Source data:
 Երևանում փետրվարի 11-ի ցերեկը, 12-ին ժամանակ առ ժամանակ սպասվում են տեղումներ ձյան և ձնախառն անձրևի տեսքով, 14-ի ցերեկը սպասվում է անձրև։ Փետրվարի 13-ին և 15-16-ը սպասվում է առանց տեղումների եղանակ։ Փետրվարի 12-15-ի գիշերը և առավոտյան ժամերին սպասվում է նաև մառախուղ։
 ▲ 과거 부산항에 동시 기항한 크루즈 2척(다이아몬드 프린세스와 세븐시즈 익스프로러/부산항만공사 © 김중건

* * *

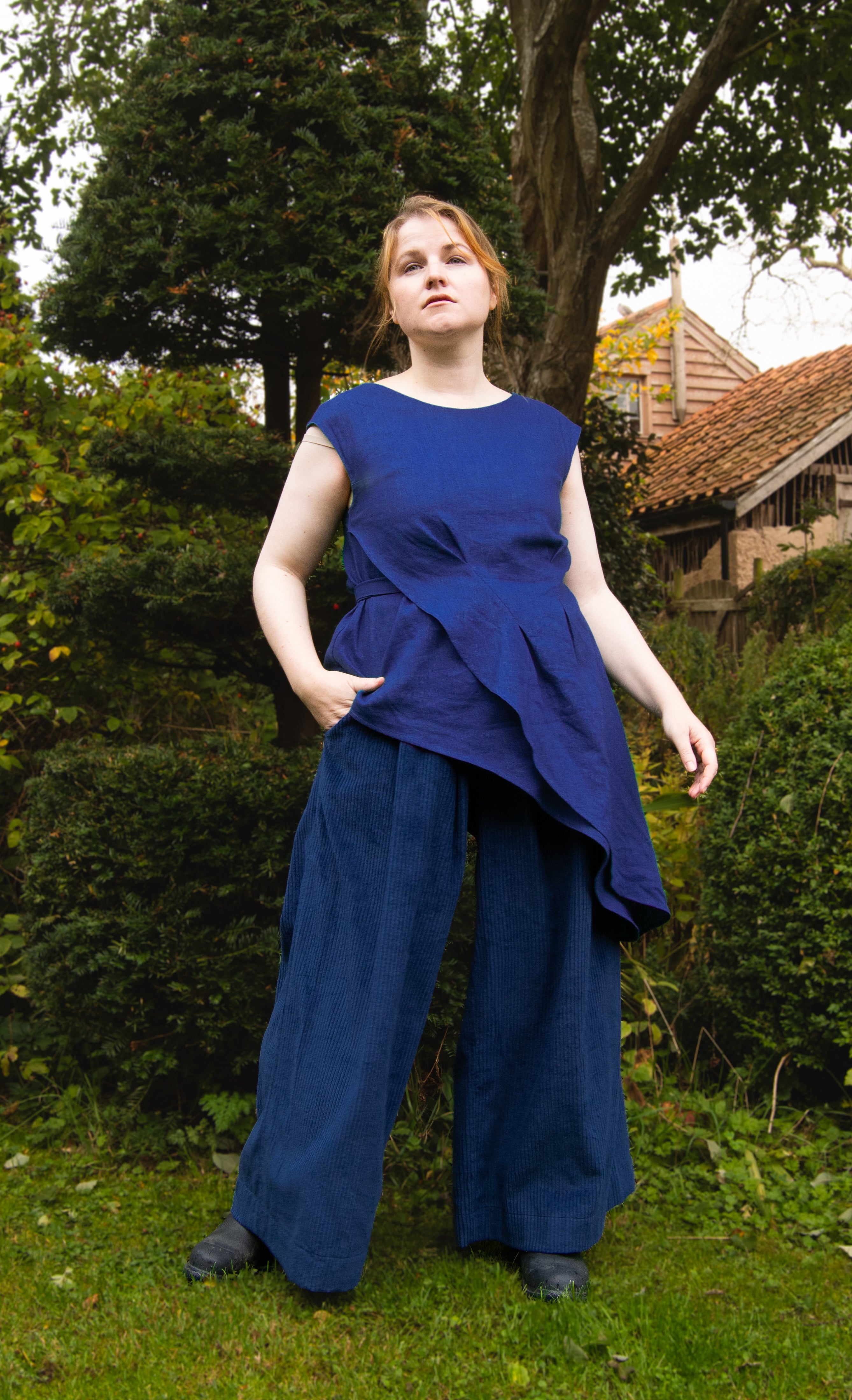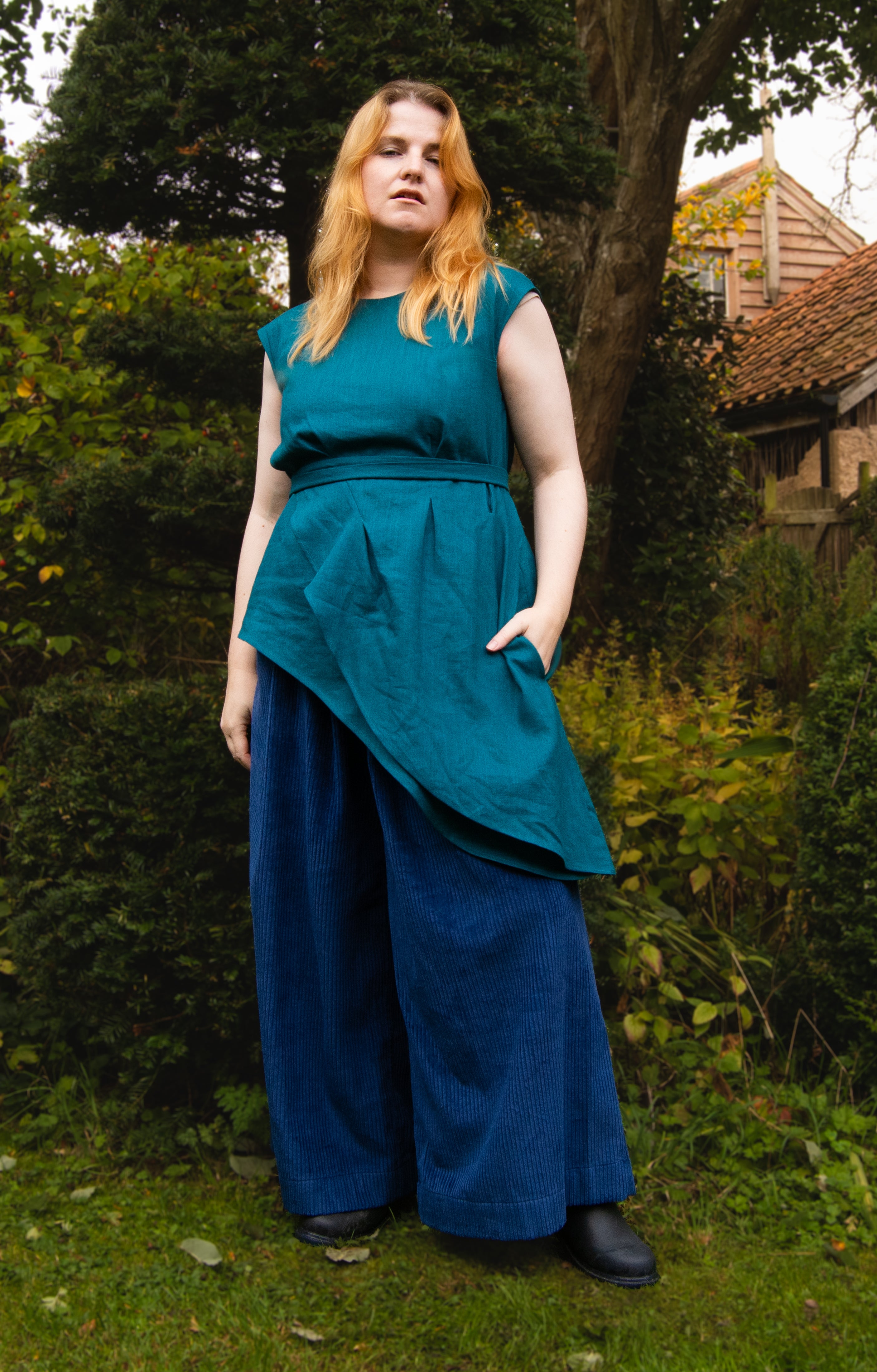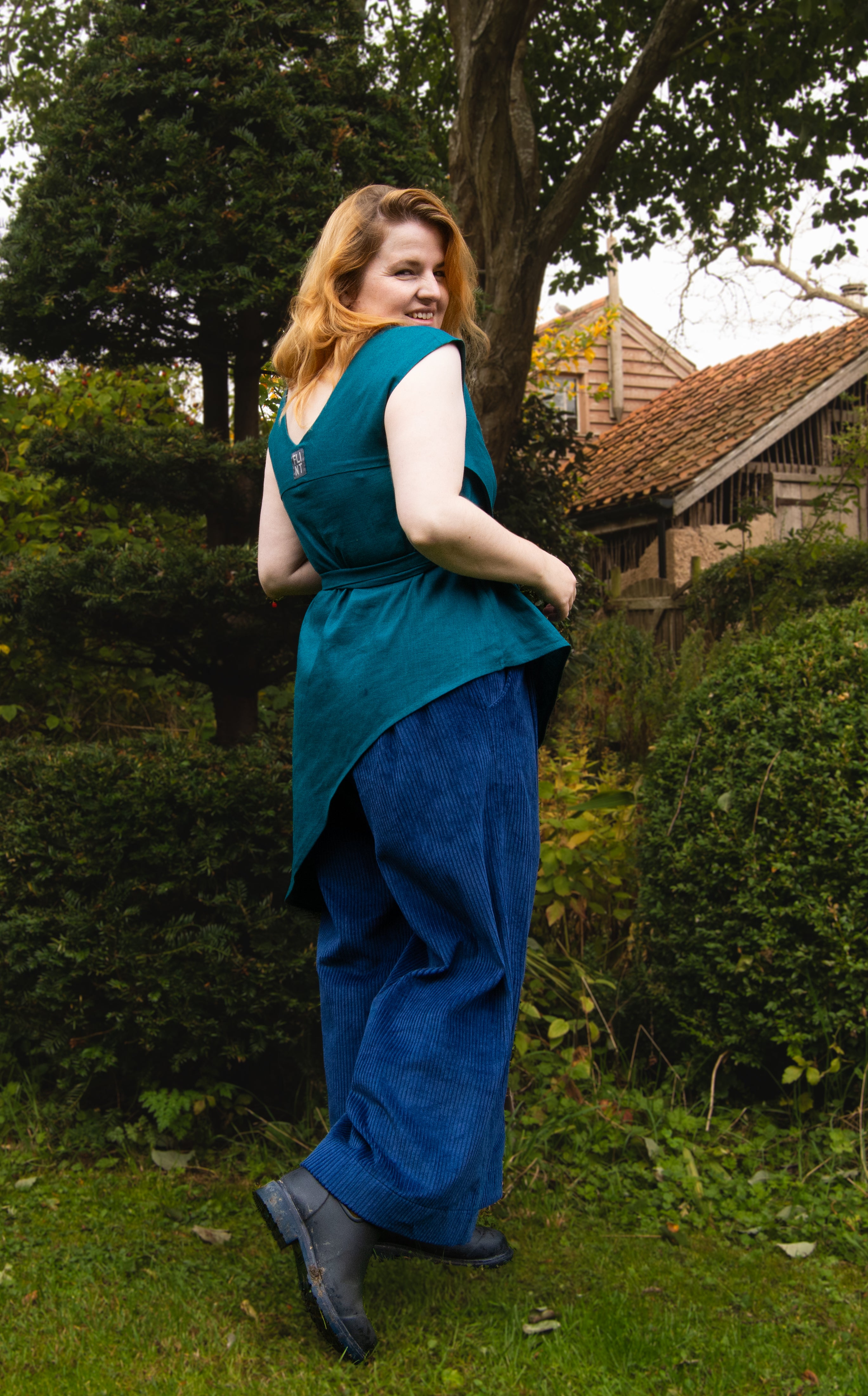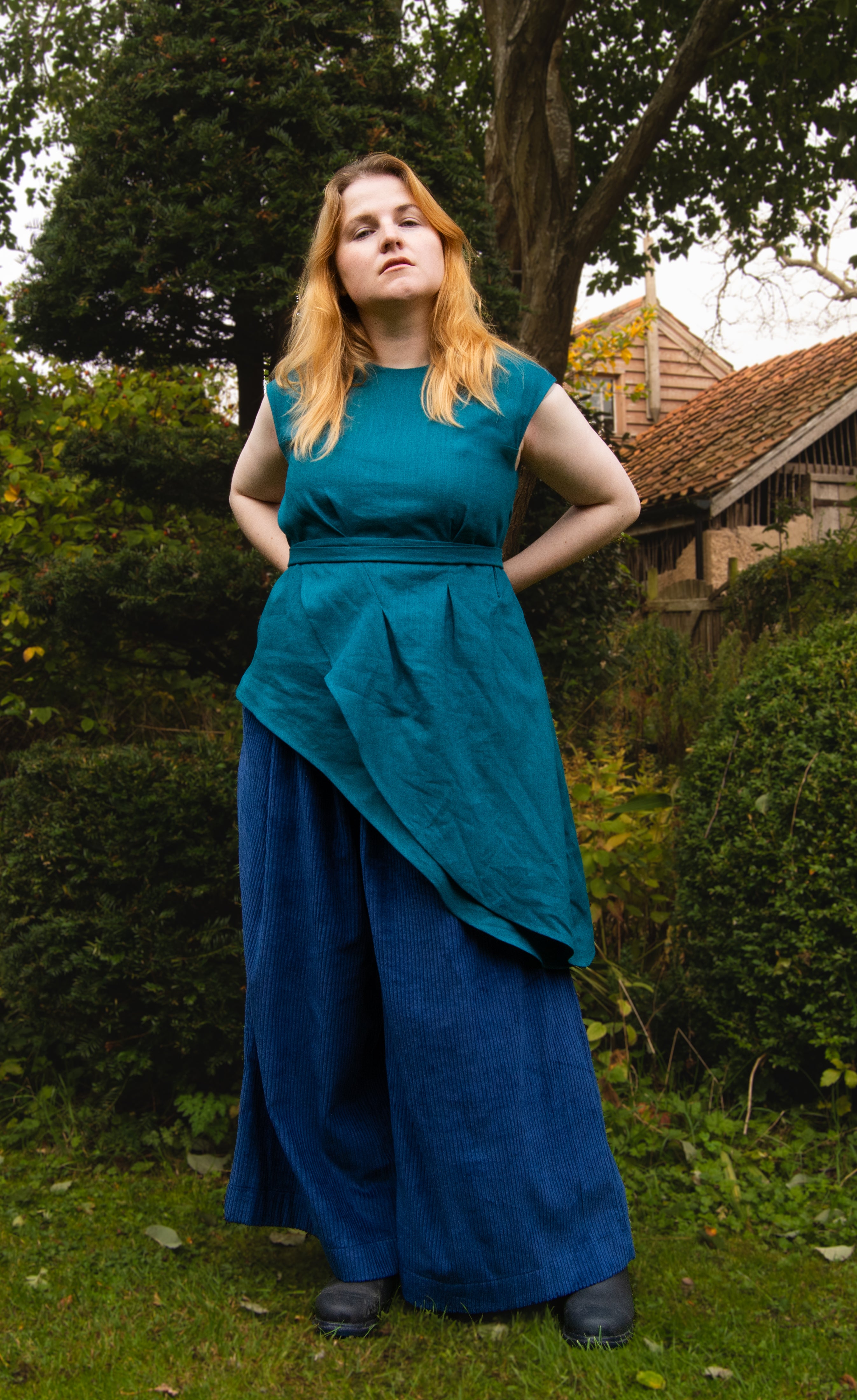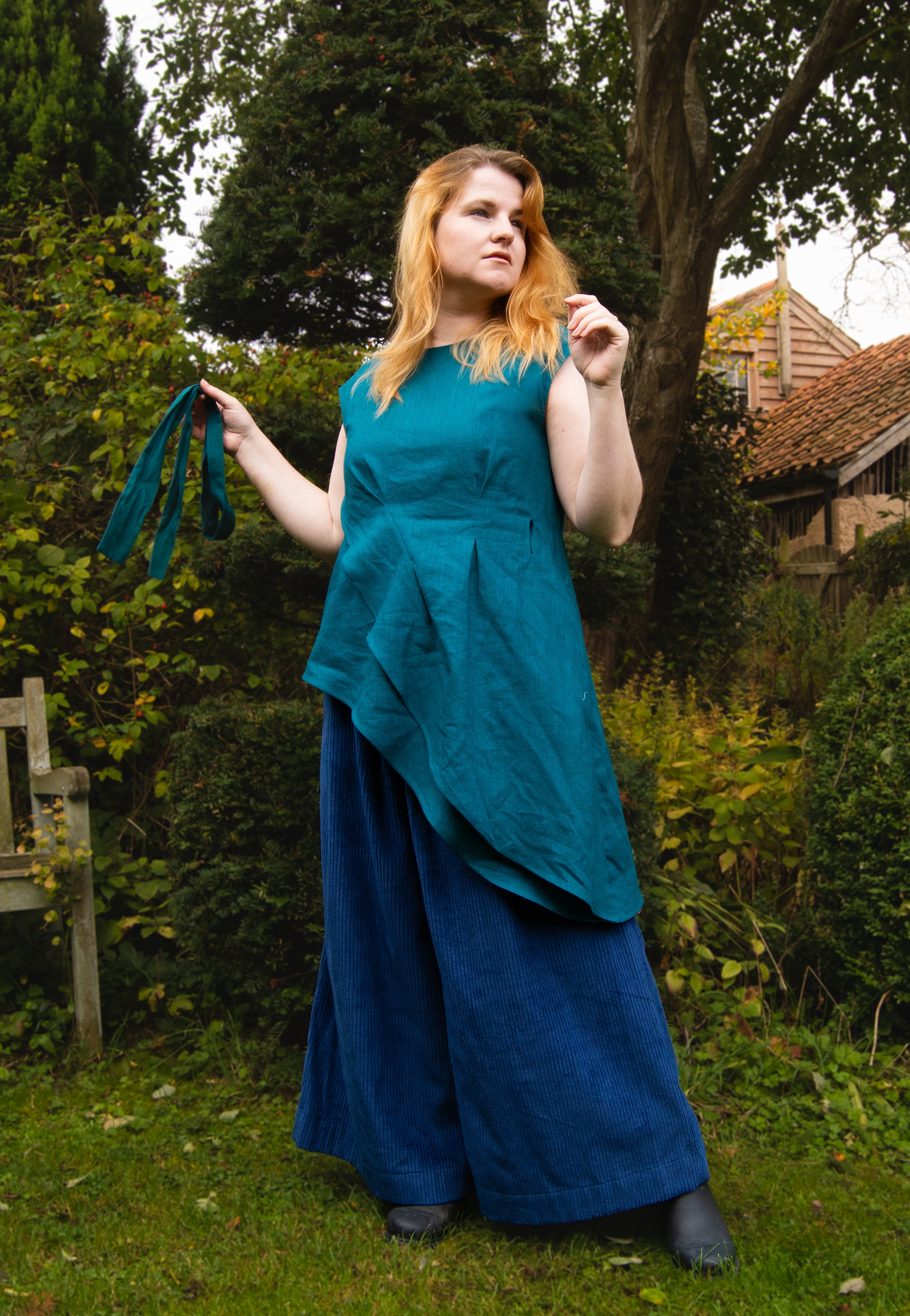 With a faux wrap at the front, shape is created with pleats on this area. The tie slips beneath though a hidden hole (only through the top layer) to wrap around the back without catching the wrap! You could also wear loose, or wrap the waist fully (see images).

...

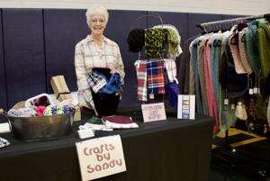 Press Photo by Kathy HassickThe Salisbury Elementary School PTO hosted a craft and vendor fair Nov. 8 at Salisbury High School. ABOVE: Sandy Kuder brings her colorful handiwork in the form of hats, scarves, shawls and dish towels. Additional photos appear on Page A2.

Exercise goal: Find the line with "Երևանում փետրվարի 11-ի" in the entries above. Retype it and each line after it, exactly, through the line with "익스프로러/부산항만공사 © 김중건", and stop there.

Problem solution:
 Երևանում փետրվարի 11-ի ցերեկը, 12-ին ժամանակ առ ժամանակ սպասվում են տեղումներ ձյան և ձնախառն անձրևի տեսքով, 14-ի ցերեկը սպասվում է անձրև։ Փետրվարի 13-ին և 15-16-ը սպասվում է առանց տեղումների եղանակ։ Փետրվարի 12-15-ի գիշերը և առավոտյան ժամերին սպասվում է նաև մառախուղ։
 ▲ 과거 부산항에 동시 기항한 크루즈 2척(다이아몬드 프린세스와 세븐시즈 익스프로러/부산항만공사 © 김중건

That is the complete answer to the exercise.